Но терпение Анжелы лопнуло, как прогнивший трос.
— Так ты действительно желаешь, чтобы мой фильм был правдивым? А голая правда, Ник Сендмен, состоит в том, что ты просто школьник из привилегированной частной школы, который выбрал профессию солдата, потому что здесь не надо думать, ибо такие, как ты, не желают напрягаться в реальном мире. Ты был ранен в совершенно бессмысленной войне ради смехотворной цели, а отправился ты на эту войну как веселый щенок, с мокрым носом, бодро помахивающий хвостиком, потому что считал, что это развлечение. Но мы умолчим об этом в нашем фильме. Мы никому не скажем, что ты — пустой бездельник с ружьем из зажиточной семьи, и, если бы не твоя дурацкая медаль, ты был бы сейчас никем.
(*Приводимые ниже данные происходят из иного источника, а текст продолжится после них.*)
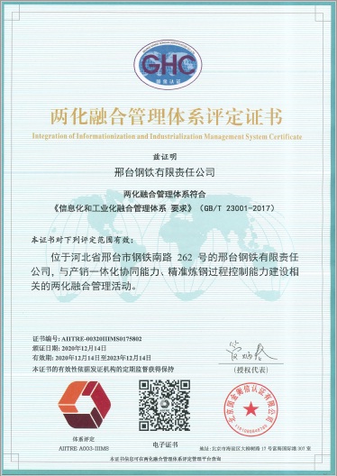 Xingtai Steel started the standards implementation of Integration of Information and Industrialization management systems at the end of 2016. In December 14th, 2017, Xingtai Steel got the certificate for the first time. Since the operation of this management system, the lean production capacity of the company has been greatly improved.

Понимаешь, Ник, никем! Мы также не скажем, что ты слишком гордый, или слишком упрямый, или слишком глупый, чтобы вести нормальную жизнь. Вместо этого мы будем аплодировать твоей жажде приключений! Ник Сендмен, бунтарь-одиночка, не желающий поддаваться жизненным неудачам! Мы скажем, что ты герой, выполнивший свой долг перед Британией! — Ее ярость была подобна взрыву бомбы и привела в ужас и заставила умолкнуть всех, кто был на террасе. Музыканты — и те перестали играть. — Вся правда в том, Ник Сендмен, что без нашей помощи тебе не стать даже эксцентричным мятежником, потому что у тебя нет судна. А когда ты его получишь, если вообще получишь, то протянешь не больше полугода, потому что у тебя кончатся деньги, а ты слишком ленив, чтобы зарабатывать их! Ты хочешь, чтобы мы рассказали в фильме эту правду?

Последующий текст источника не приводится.